• [HOW TO COMPLETE THIS TASK]: Transcribe the listing below in full, exactly, with no images.

• [INFORMATION SHOWN]:
--------------------------------
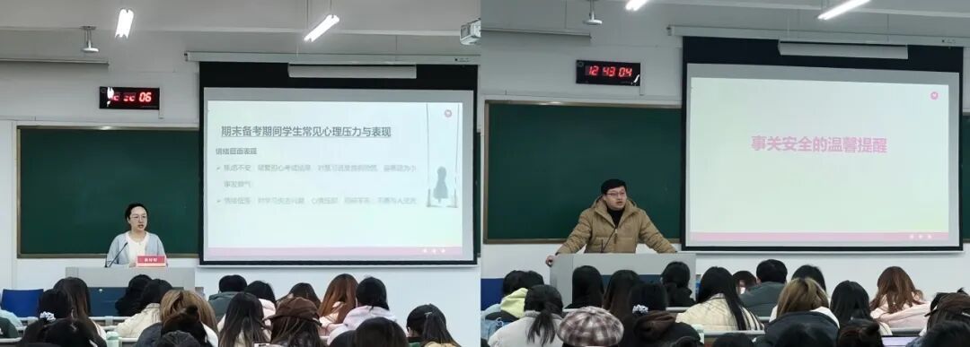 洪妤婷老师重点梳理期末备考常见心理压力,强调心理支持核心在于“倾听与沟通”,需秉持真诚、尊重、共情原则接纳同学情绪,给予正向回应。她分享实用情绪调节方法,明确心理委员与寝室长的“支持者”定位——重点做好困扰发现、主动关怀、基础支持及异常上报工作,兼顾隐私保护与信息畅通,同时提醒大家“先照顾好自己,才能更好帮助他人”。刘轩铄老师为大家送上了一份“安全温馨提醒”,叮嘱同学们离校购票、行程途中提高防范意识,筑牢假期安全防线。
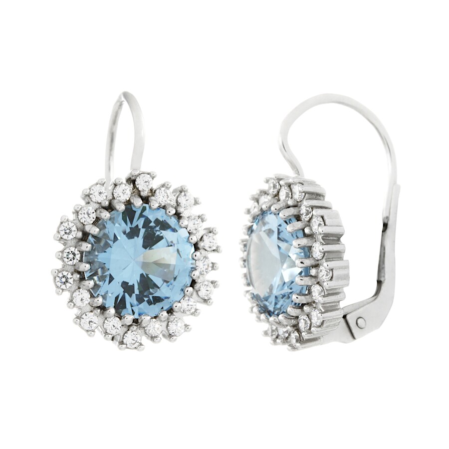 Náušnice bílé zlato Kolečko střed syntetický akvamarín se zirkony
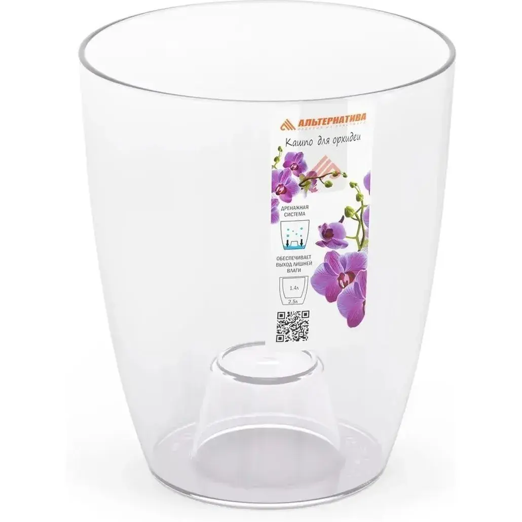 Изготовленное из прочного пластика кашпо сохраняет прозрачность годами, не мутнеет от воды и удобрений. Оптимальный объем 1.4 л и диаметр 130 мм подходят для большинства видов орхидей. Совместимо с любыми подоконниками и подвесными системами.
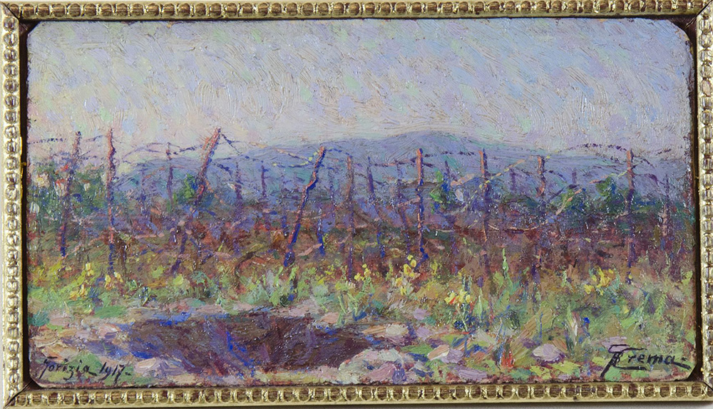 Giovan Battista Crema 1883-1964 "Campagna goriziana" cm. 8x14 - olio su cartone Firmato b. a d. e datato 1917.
--------------------------------
• [OUTPUT OF THE EXERCISE]:
 洪妤婷老师重点梳理期末备考常见心理压力,强调心理支持核心在于“倾听与沟通”,需秉持真诚、尊重、共情原则接纳同学情绪,给予正向回应。她分享实用情绪调节方法,明确心理委员与寝室长的“支持者”定位——重点做好困扰发现、主动关怀、基础支持及异常上报工作,兼顾隐私保护与信息畅通,同时提醒大家“先照顾好自己,才能更好帮助他人”。刘轩铄老师为大家送上了一份“安全温馨提醒”,叮嘱同学们离校购票、行程途中提高防范意识,筑牢假期安全防线。
 Náušnice bílé zlato Kolečko střed syntetický akvamarín se zirkony
 Изготовленное из прочного пластика кашпо сохраняет прозрачность годами, не мутнеет от воды и удобрений. Оптимальный объем 1.4 л и диаметр 130 мм подходят для большинства видов орхидей. Совместимо с любыми подоконниками и подвесными системами.
 Giovan Battista Crema 1883-1964 "Campagna goriziana" cm. 8x14 - olio su cartone Firmato b. a d. e datato 1917.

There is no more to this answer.